Task instructions
Each line below must be transcribed exactly, and no picture may appear in the transcription.

Information provided
- Opening Delimiter -
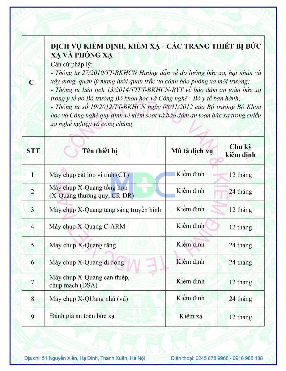 Dịch vụ kiểm định, kiểm xạ các trang thiết bị bức xạ và phóng xạ Danh mục kiểm định Dịch Vụ Đăng Ký Giấy Phép Hoạt Động Các Sản Phẩm Dịch Vụ Giám Định Dịch Vụ Kiểm Định Danh Mục Kiểm Định Danh Mục Giám Định Danh mục đăng ký giấy phép Các thông tin liên quan Quy trình thực hiện kiểm định an toàn dao mổ điện 03/05/2024 Quy trình kiểm định máy thở & kiểm định máy gây mê kèm thở 25/04/2024 DỊch vụ kiểm định - Phương tiện đo nhóm 2 22/04/2024 Dịch vụ kiểm tra an toàn và tính năng kỹ thuật trang thiết bị 22/04/2024 DỊch vụ kiểm định an toàn và tính năng kỹ thuật trang thiết bị y tế 22/04/2024 DỊch vụ kiểm định an toàn các loại máy, thiết bị, vật tư có yêu cầu nghiêm ngặt về an toàn lao động 22/04/2024 DỊch vụ hiệu chuẩn - Phương tiện đo 22/04/2024
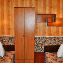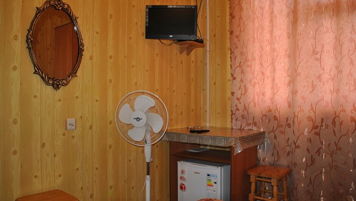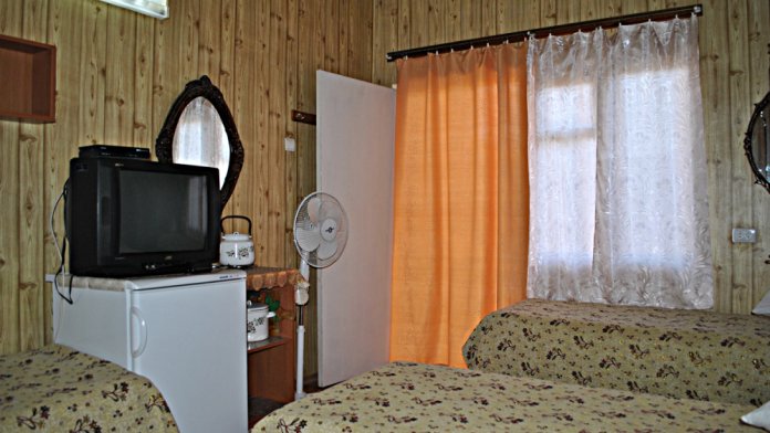 Комната находится на 2-м этаже главного корпуса. В комнате есть холодильник, вентилятор, телевизор со спутниковыми каналами, шкаф, три односпальных кровати. В коридоре находится мощный кондиционер.
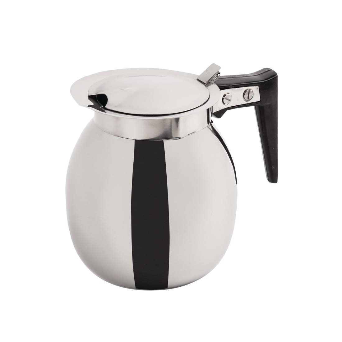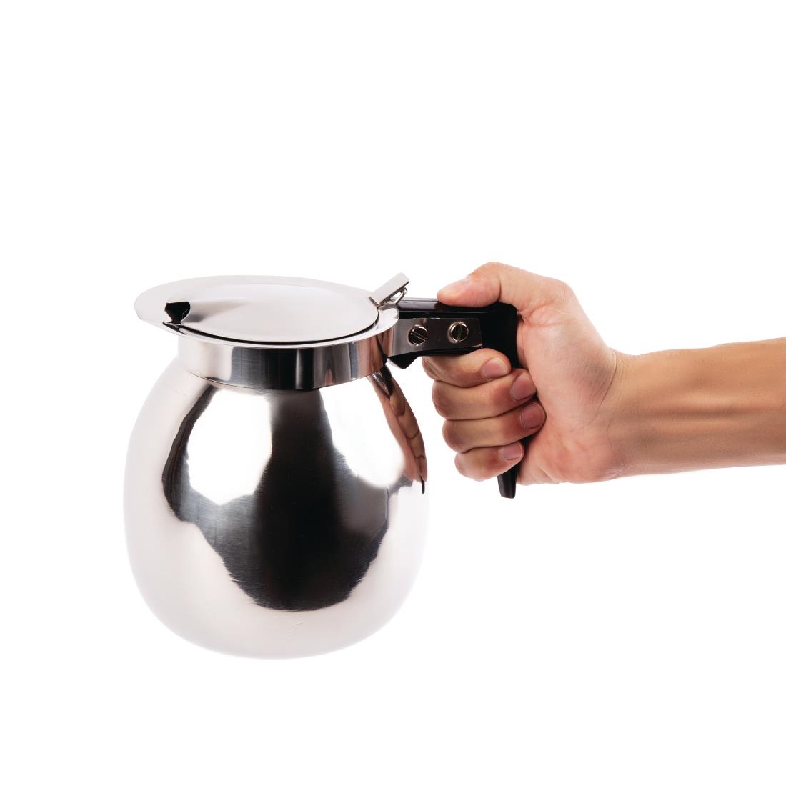 This stainless steel coffee decanter is an extremely strong and damage resistant way of serving filter coffee. The easy to use lid ensures that liquid stays hotter for longer and the wide spout makes for quick coffee pouring. The carefully designed handle is designed to resist heat transfer and ensure that it is comfortable to serve coffee throughout the busiest services.
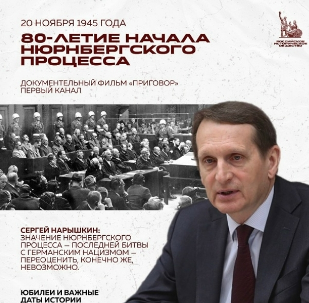 К 80-летию Нюрнбергского процесса Первый канал выпустил документальный фильм «Приговор», в котором продемонстрировал кадры кинолетописи «суда народов». В съемках принял участие Председатель Российского исторического общества Сергей Нарышкин:
- Closing Delimiter -
Written solution
 Dịch vụ kiểm định, kiểm xạ các trang thiết bị bức xạ và phóng xạ Danh mục kiểm định Dịch Vụ Đăng Ký Giấy Phép Hoạt Động Các Sản Phẩm Dịch Vụ Giám Định Dịch Vụ Kiểm Định Danh Mục Kiểm Định Danh Mục Giám Định Danh mục đăng ký giấy phép Các thông tin liên quan Quy trình thực hiện kiểm định an toàn dao mổ điện 03/05/2024 Quy trình kiểm định máy thở & kiểm định máy gây mê kèm thở 25/04/2024 DỊch vụ kiểm định - Phương tiện đo nhóm 2 22/04/2024 Dịch vụ kiểm tra an toàn và tính năng kỹ thuật trang thiết bị 22/04/2024 DỊch vụ kiểm định an toàn và tính năng kỹ thuật trang thiết bị y tế 22/04/2024 DỊch vụ kiểm định an toàn các loại máy, thiết bị, vật tư có yêu cầu nghiêm ngặt về an toàn lao động 22/04/2024 DỊch vụ hiệu chuẩn - Phương tiện đo 22/04/2024
 Комната находится на 2-м этаже главного корпуса. В комнате есть холодильник, вентилятор, телевизор со спутниковыми каналами, шкаф, три односпальных кровати. В коридоре находится мощный кондиционер.
 This stainless steel coffee decanter is an extremely strong and damage resistant way of serving filter coffee. The easy to use lid ensures that liquid stays hotter for longer and the wide spout makes for quick coffee pouring. The carefully designed handle is designed to resist heat transfer and ensure that it is comfortable to serve coffee throughout the busiest services.
 К 80-летию Нюрнбергского процесса Первый канал выпустил документальный фильм «Приговор», в котором продемонстрировал кадры кинолетописи «суда народов». В съемках принял участие Председатель Российского исторического общества Сергей Нарышкин:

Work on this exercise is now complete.